§ Activity
Using the listing below, print the line containing "Three pumpkins, fall", the line containing "Belgium has an", and each line between them, exactly and nothing else. Pictures stay out of the print.

§ Extracted data
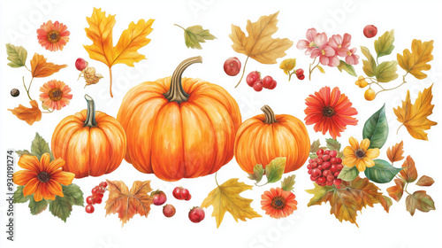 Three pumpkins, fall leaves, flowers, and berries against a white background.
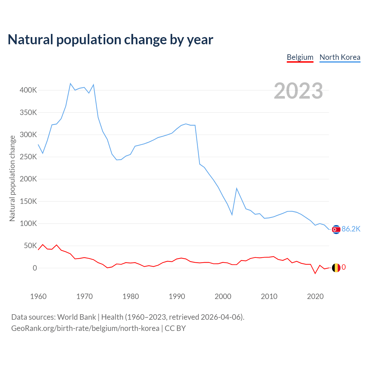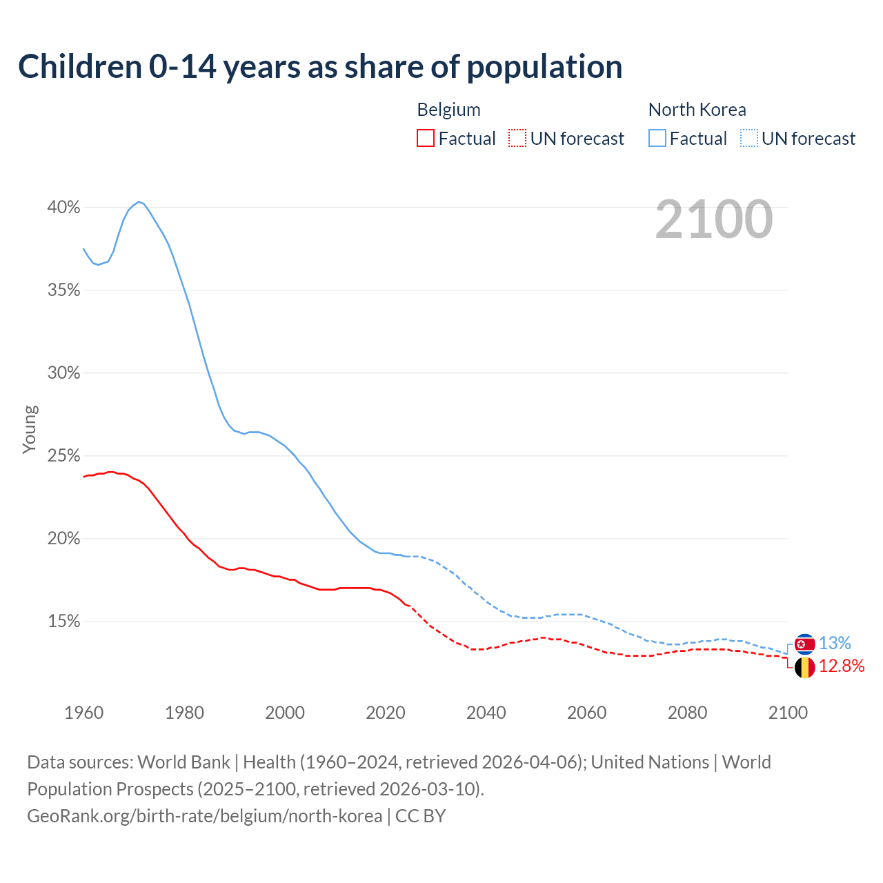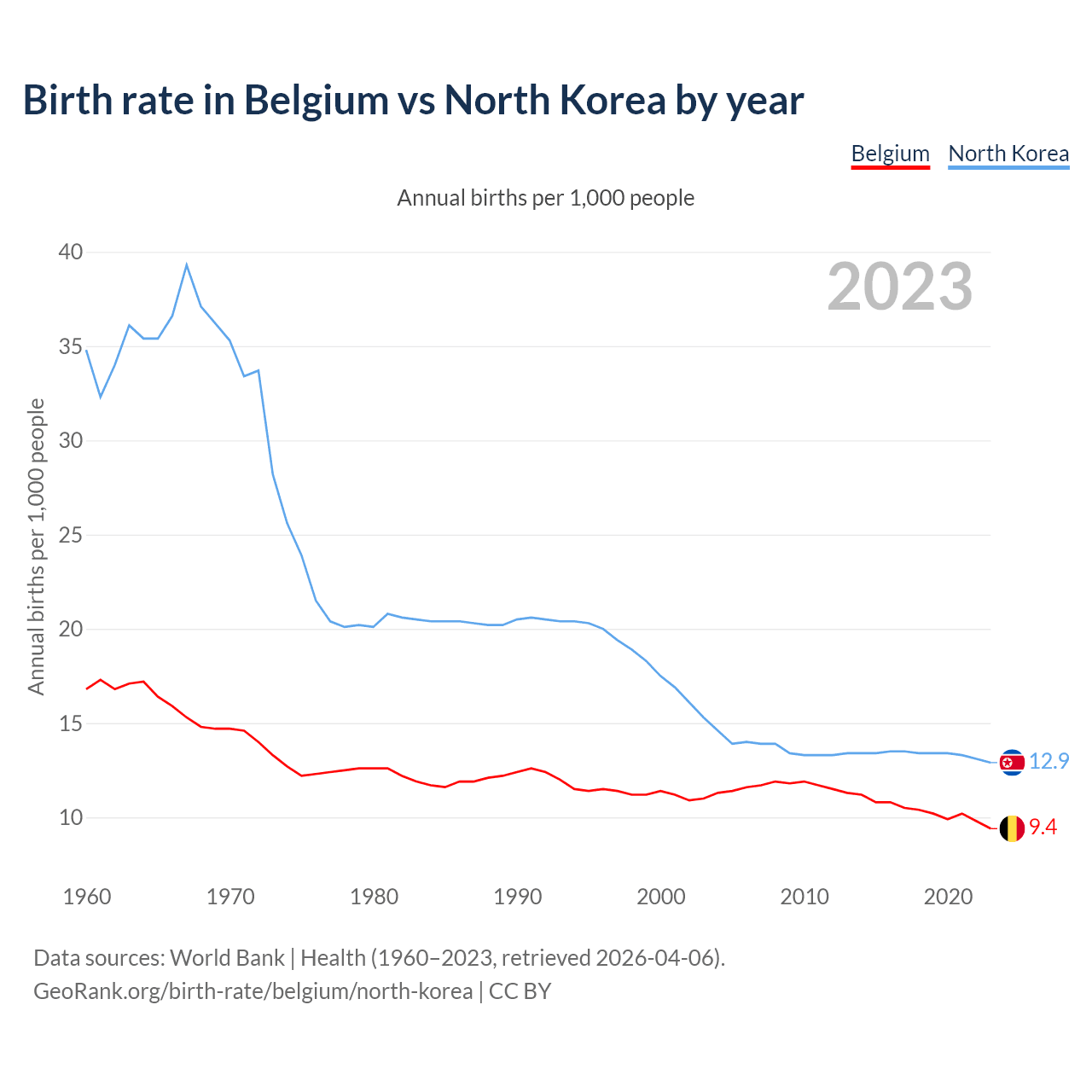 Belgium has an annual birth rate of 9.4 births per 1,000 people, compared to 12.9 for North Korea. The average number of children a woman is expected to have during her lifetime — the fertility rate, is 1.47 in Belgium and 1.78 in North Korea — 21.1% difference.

---

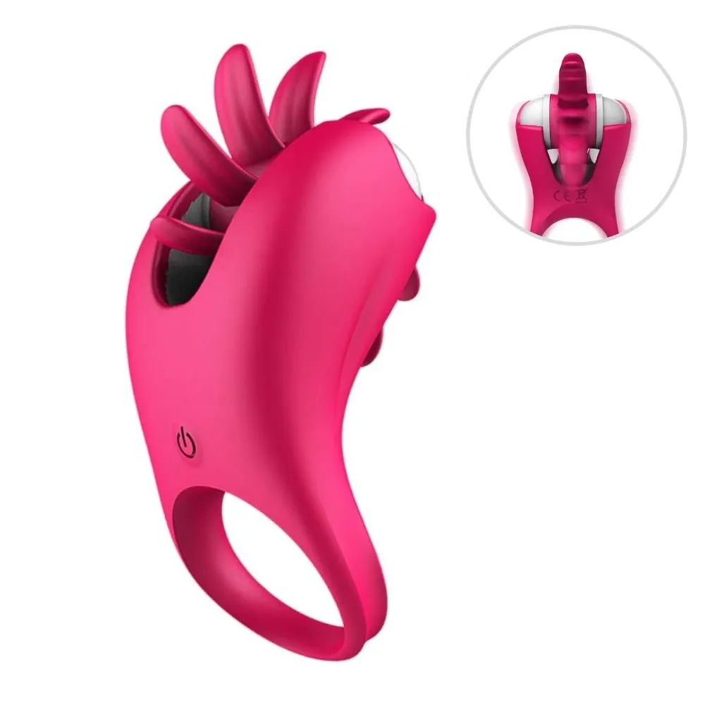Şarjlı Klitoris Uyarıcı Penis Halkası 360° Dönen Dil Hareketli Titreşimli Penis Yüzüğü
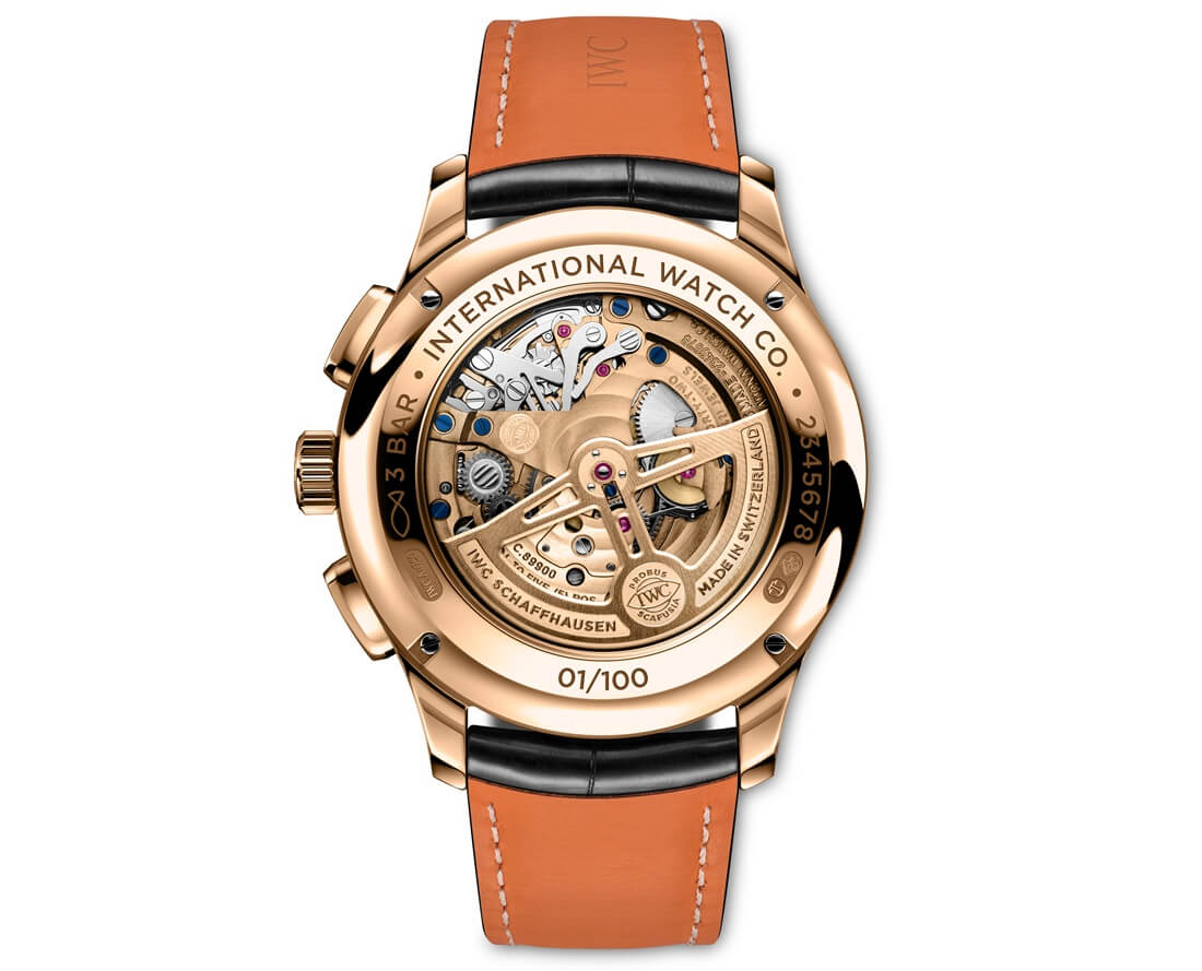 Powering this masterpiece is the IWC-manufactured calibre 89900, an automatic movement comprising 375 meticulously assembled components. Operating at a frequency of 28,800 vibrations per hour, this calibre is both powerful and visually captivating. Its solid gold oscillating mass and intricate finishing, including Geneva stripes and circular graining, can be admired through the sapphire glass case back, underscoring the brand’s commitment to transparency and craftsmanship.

§ Output
 Three pumpkins, fall leaves, flowers, and berries against a white background.
 Belgium has an annual birth rate of 9.4 births per 1,000 people, compared to 12.9 for North Korea. The average number of children a woman is expected to have during her lifetime — the fertility rate, is 1.47 in Belgium and 1.78 in North Korea — 21.1% difference.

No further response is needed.